##### MATERIAL FOR THIS TASK

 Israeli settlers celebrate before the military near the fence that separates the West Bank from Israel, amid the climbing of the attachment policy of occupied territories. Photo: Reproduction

##########
##### MATERIAL FOR THIS TASK

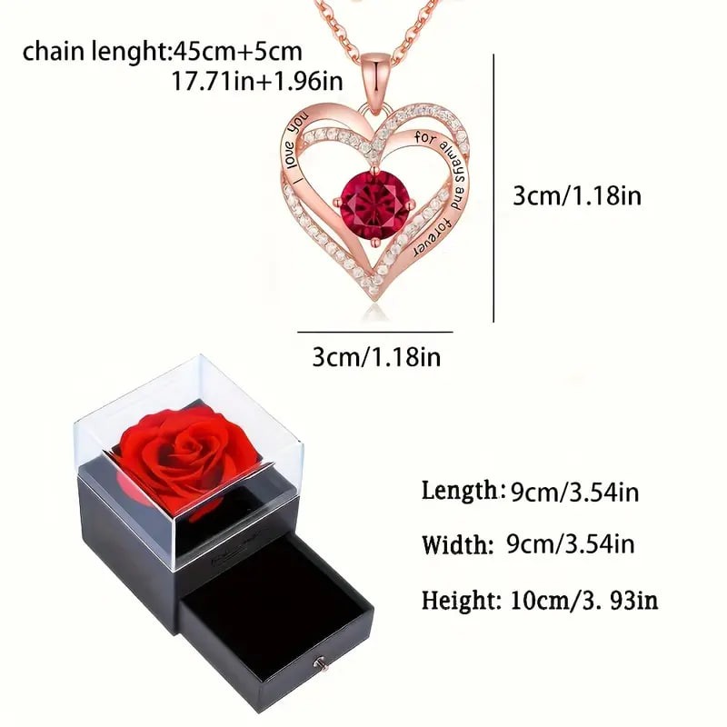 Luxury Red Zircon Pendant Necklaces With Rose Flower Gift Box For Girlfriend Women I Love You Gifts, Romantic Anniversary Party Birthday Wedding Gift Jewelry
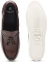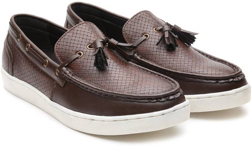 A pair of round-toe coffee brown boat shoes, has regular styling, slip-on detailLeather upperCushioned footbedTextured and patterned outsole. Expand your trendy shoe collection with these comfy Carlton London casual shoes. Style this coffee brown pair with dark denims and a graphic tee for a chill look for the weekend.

##########

BRIEF:
What to print is the stretch of entries from the line with "Luxury Red Zircon" up to and including the line with "A pair of round-toe". Please print it exactly and leave out the pictures.

TASK RESPONSE:
 Luxury Red Zircon Pendant Necklaces With Rose Flower Gift Box For Girlfriend Women I Love You Gifts, Romantic Anniversary Party Birthday Wedding Gift Jewelry
 A pair of round-toe coffee brown boat shoes, has regular styling, slip-on detailLeather upperCushioned footbedTextured and patterned outsole. Expand your trendy shoe collection with these comfy Carlton London casual shoes. Style this coffee brown pair with dark denims and a graphic tee for a chill look for the weekend.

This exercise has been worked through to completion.